Los miserables (Labaila tr.)/V.4.2
Marius permaneció mucho tiempo entre la vida y la muerte. Durante algunas semanas tuvo fiebre acompañada de delirio y síntomas cerebrales de alguna gravedad, causados más bien por la conmoción de las heridas en la cabeza que por las heridas mismas.
Repitió el nombre de Cosette noches enteras en medio de la locuacidad propia de la alta temperatura.
Mientras duró el peligro, el señor Gillenormand, a la cabecera del lecho de su nieto, estaba como Marius, ni vivo ni muerto.
Todos los días una, y hasta dos veces, un caballero de pelo blanco y decentemente vestido (tales eran las señas del portero), venía a saber del enfermo y dejaba para las curaciones un gran paquete de vendas.
Por fin, el 7 de septiembre, al cabo de tres meses desde la fatal noche en que le habían traído moribundo a casa de su abuelo, el médico declaró que había pasado el peligro. Empezó la convalecencia.
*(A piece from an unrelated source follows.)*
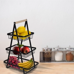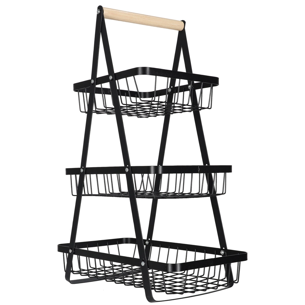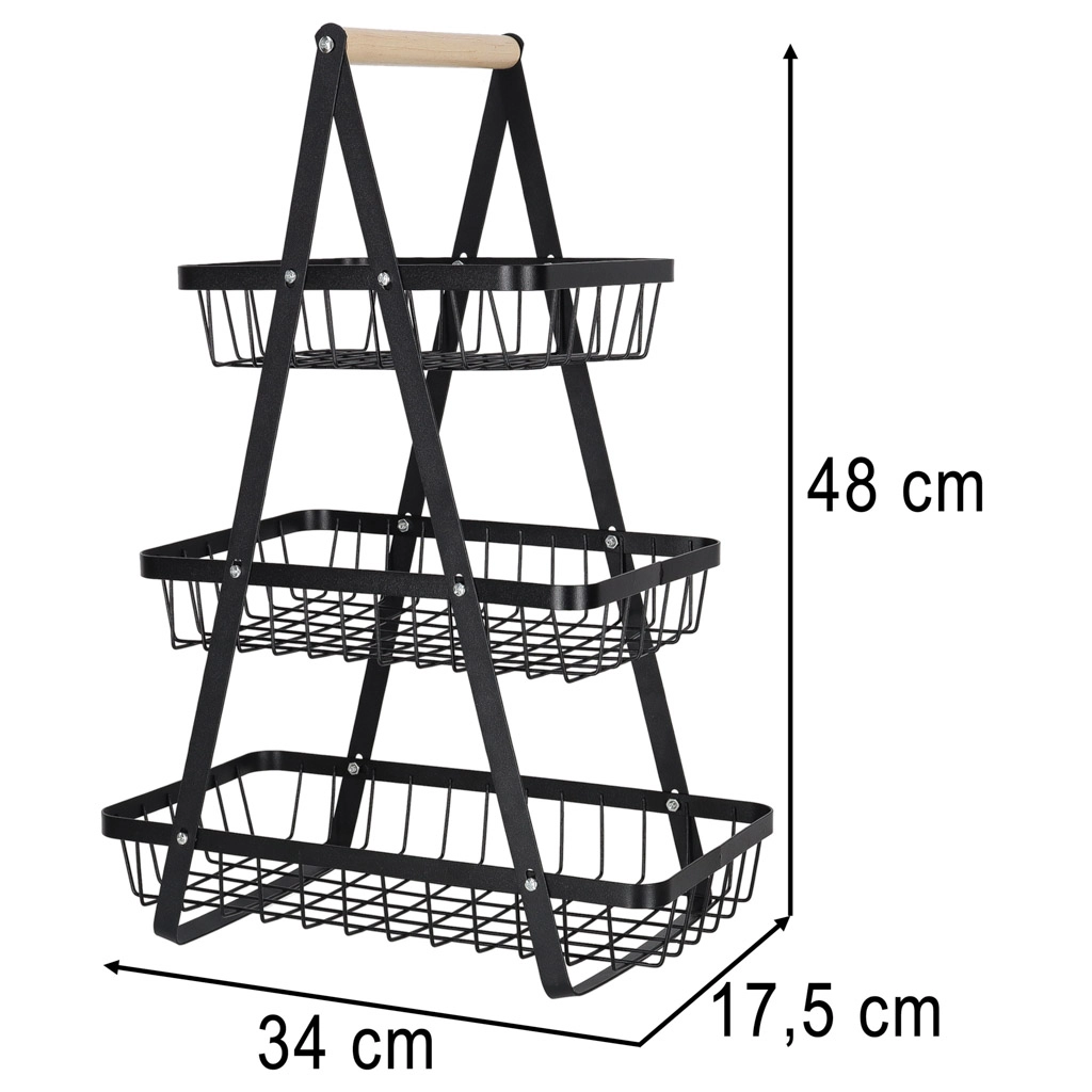 Stylowy trzypoziomowy kosz na owoce z wytrzymałego metalu z drewnianym uchwytem oszczędza miejsce na blacie i utrzymuje porządek w kuchni. Trzy pojemne koszyki z otwartą, drucianą konstrukcją zapewniają cyrkulację powietrza dla dłuższej świeżości owoców i warzyw. Idealny także na pieczywo, przekąski czy akcesoria łazienkowe.

Sin embargo, tuvo que permanecer aún más de dos meses sentado en un sillón, a causa de la fractura de la clavícula.
El señor Gillenormand padeció al principio todas las angustias para experimentar luego todas las dichas.
El día en que el facultativo le anunció que Marius estaba fuera de peligro, faltó poco al anciano para volverse loco; al entrar en su cuarto esa noche, bailó una gavota, imitó las castañuelas con los dedos y cantó.
Luego se arrodilló sobre una silla, y Vasco, que le veía desde la puerta a medio cerrar, no tuvo duda de que oraba. Hasta entonces no había creído verdaderamente en Dios. Marius pasó a ser el dueño de la casa; el señor Gillenormand, en el colmo de su júbilo, había abdicado, viniendo a ser el nieto de su nieto.
En cuanto a Marius, mientras se dejaba curar y cuidar, no tenía más que una idea fija: Cosette. No sabía qué había sido de ella. Los sucesos de la calle de la Chanvrerie vagaban como una nube en su memoria; los confusos nombres de Eponina, Gavroche, Mabeuf, Thenardier y todos sus amigos envueltos lúgubremente en el humo de la barricada, flotaban en su espíritu; la extraña aparición del señor Fauchelevent en aquella sangrienta aventura le causaba el efecto de un enigma en una tempestad. Tampoco comprendía cómo ni por quién había sido salvado. Los que lo rodeaban sabían sólo que le habían traído de noche en un coche de alquiler.
Pasado, presente, porvenir, nieblas, ideas vagas en su mente; pero en medio de aquella bruma había un punto inmóvil, una línea clara y precisa, una resolución, una voluntad: encontrar a Cosette.
Los cuidados y cariños de su abuelo no lo conmovían; quizá desconfiaba de aquella solicitud como de una cosa extraña y nueva, encaminada a dominarlo. Se mantenía, pues, frío. Y luego, a medida que iba cobrando fuerzas, renacían los antiguos agravios, se abrían de nuevo las envejecidas úlceras de su memoria, pensaba en el pasado, el coronel Pontmercy se interponía entre él y el señor Gillenormand, y el resultado era que ningún bien podía esperar de quien había sido tan injusto y tan duro con su padre. Su salud y la aspereza hacia su abuelo seguían la misma proporción. El anciano lo notaba, y sufría sin despegar los labios.
No cabía duda de que se aproximaba una crisis. Marius esperaba la ocasión para presentar el combate, y se preparaba para una negativa, en cuyo caso dislocaría su clavícula, dejaría al descubierto las llagas que aún estaban sin cerrarse, y rechazaría todo alimento. Las heridas eran sus municiones. Cosette o la muerte. Aguardó el momento favorable con la paciencia propia de los enfermos. Ese momento llegó.